An Epidemic of Inequality
Communities of color have been hit hardest by COVID-19. Meanwhile, hundreds of thousands of people have taken to the streets in an outcry against police brutality and racism. Both issues have roots in the same problem.
University of California San Francisco
When doctors at Zuckerberg San Francisco General Hospital first started to see patients with COVID-19, they noticed a curious pattern: Almost all of them were Latinx.
Some of the physicians – also UCSF researchers – wanted to see if their observations in the hospital held up beyond its walls. In April, they launched a study of COVID-19 infections in San Francisco’s Mission District. What they found in the neighborhood, which is about 58% Hispanic/Latinx, surprised them. The Mission’s infection rate was 11 times higher than the city average, and 95% of the people who tested positive were Latinx.
In the Bay Area and in cities across the nation, people of color have faced more severe illness and higher death rates from COVID-19 than white people have. Experts initially credited this trend to increased levels of underlying health problems, like obesity and diabetes, among people of color. But those problems don’t crop up out of nowhere, according to Alicia Fernandez, MD, director of UCSF’s Latinx Center of Excellence (LCOE). They’re diseases rooted in how people live – specifically, how they can afford to live.
Low-income people have long suffered from obesity and related health issues at higher rates than people who have more money and less chronic stress.

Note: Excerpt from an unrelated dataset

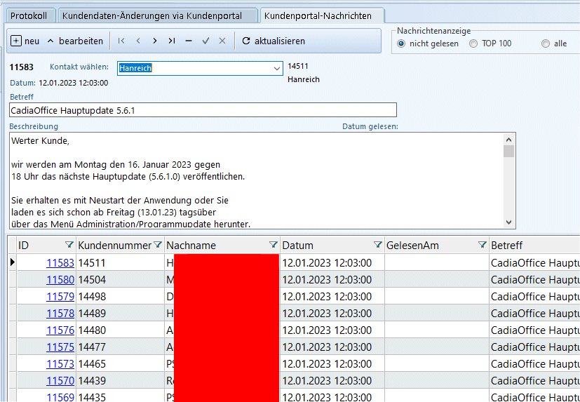 Bild2: Im den Kundenportal-Nachrichten werden dann sämtliche übermittelte Nachrichten - an jeden Kunden dargestellt:

Many of the COVID-19 patients Fernandez has seen are cashiers, delivery people, cooks, drivers, cleaners, or construction workers. They don’t have the option to work remotely. They live paycheck to paycheck in crowded houses, sometimes with people they don’t know well. If they get sick, there’s no spare room in which to isolate. There’s not enough money to stock up on groceries, let alone get a hotel room for a few weeks.
The very definition of privilege is when you look out the window and you think that everyone has the same view, right? That’s really not the view we have working in the Mission.”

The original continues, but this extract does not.